I have two vehicles which my wife and I split time between...

-2004 Chevy Suburban
-2005 Volkswagon Passat


----------



## BassAddict (Aug 12, 2009)

I dont wanna brag, but check out my sweet ride!


----------



## russ010 (Aug 12, 2009)

if you were a kid riding that around down here (or the boys riding the girls pink bikes) I would roll down my window and yell "Hey! That's my bike!"... it's amazing how fast these kids here can pedal thinking your coming after them


----------



## Jim (Aug 12, 2009)

BA,
I especially like the grocery holder. :LOL2:

You can put the new dog you got in there, and the two of you could go fishing down the creek. :LOL2:


----------



## BassAddict (Aug 12, 2009)

Jim said:


> BA,
> I especially like the grocery holder. :LOL2:
> 
> You can put the new dog you got in there, and the two of you could go fishing down the creek. :LOL2:



Thats my chicks seat, mama says once i get my bell and my CUSTOM handle bar streamers installed they will be knocking down my door!!!!!!


----------



## river_wolf (Aug 12, 2009)

Well the wife has a Ford Exploer and I am currently driving a Kia Sorento "had too at a time of need" Also have between the two of us 4 Honda Motorcycles and 1 Suzuki. Know that is a lot of bikes for two people but.....


----------



## russ010 (Aug 12, 2009)

BassAddict said:


> Jim said:
> 
> 
> > BA,
> ...



don't forget to put baseball cards (the most valuable ones you can find) in the wheel spokes - then you'll be blingin


----------



## BassAddict (Aug 12, 2009)

russ010 said:


> BassAddict said:
> 
> 
> > Jim said:
> ...



LMAO!! this ones pretty cool!


----------



## cyberflexx (Aug 12, 2009)

I have three.. GMC was not on the list, so I voted Chevy as my primary

2009 GMC Yukon Denali XL - 6.2 liter V8 - 1200 miles on it
2007 Ford Explorer V8 ( for sale ) 23,560 miles on it
2007 BMW X5 ( my wife mainly drives this one ) 32,000 miles on it


----------



## wasilvers (Aug 12, 2009)

I normally drive my Saturn SL1 that I bought for $1 buck. Yes you can find a deal if you look hard enough.  

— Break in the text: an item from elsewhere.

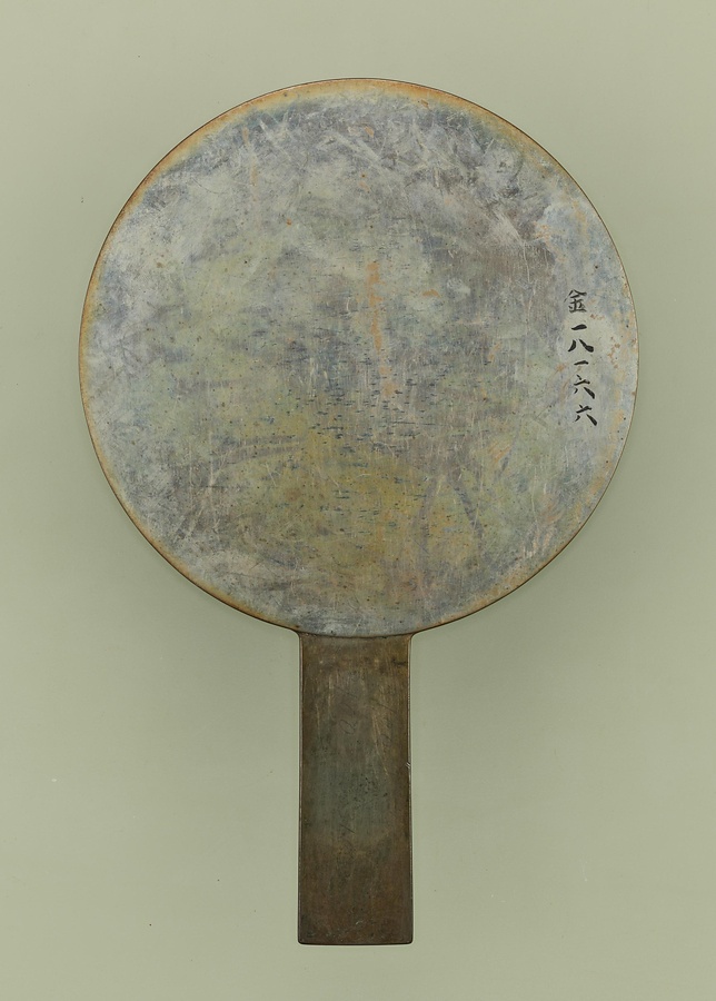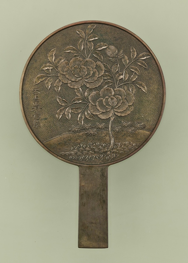 近世以降に普及する柄付きの鏡で、鏡背【きょうはい】面(顔を写す面の裏側)には砂目地【すなめじ】に、力強い篦【へら】押しによって、大輪の花を咲かせた株立ちの牡丹を表しています。柄が次第に太く短くなっていくのが柄鏡の特色であることから、本品は江戸時代後期に製作されたと考えられます。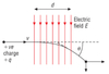 Draw a diagram showing the electric field between a positive and a negative plate

But the tow vehicle is my Dodge Caravan, so that got the vote.

Will


----------



## Loggerhead Mike (Aug 12, 2009)

lol

sorry about the poor poll fellers it just pop'd in my head and i was trying to hurry this morning

i drive a 05 Silverado short bed

the old lady has a lifted 00 yota tacoma


sweet ride b/a i bet the granny's are chasin you down in that rig :mrgreen:


----------



## Jwengerd (Aug 12, 2009)

2001 1500 Silverado 4x4


----------



## Captain Ahab (Aug 12, 2009)

I have a sweet custom Chevy Fish Van

No headliner
Manual everything
Broken rear lock
BUT

It tows the boat and has rod holders for 9 rods in the inside space were the headliner used to be


Oh yeah - and a stroker 383 motor injected [-X [-X [-X


----------



## grizzly (Aug 12, 2009)

95 nissan pathfinder, most days

77 volkswagen beetle, when i'm in the mood

81 honda cb750 motorcycle


----------



## Specknreds (Aug 12, 2009)

'06 Toyota Tundra Made in the USA foreign owned  
'09 Pontiac G6 (wifes)
Just sold my '99 Pontiac Firebird 31,000 miles  bought new.
2010 VW Jetta diesel I swore I would not do this for my kid, but she just moved to USM on a 100% paid scholarship. It was the least I could do.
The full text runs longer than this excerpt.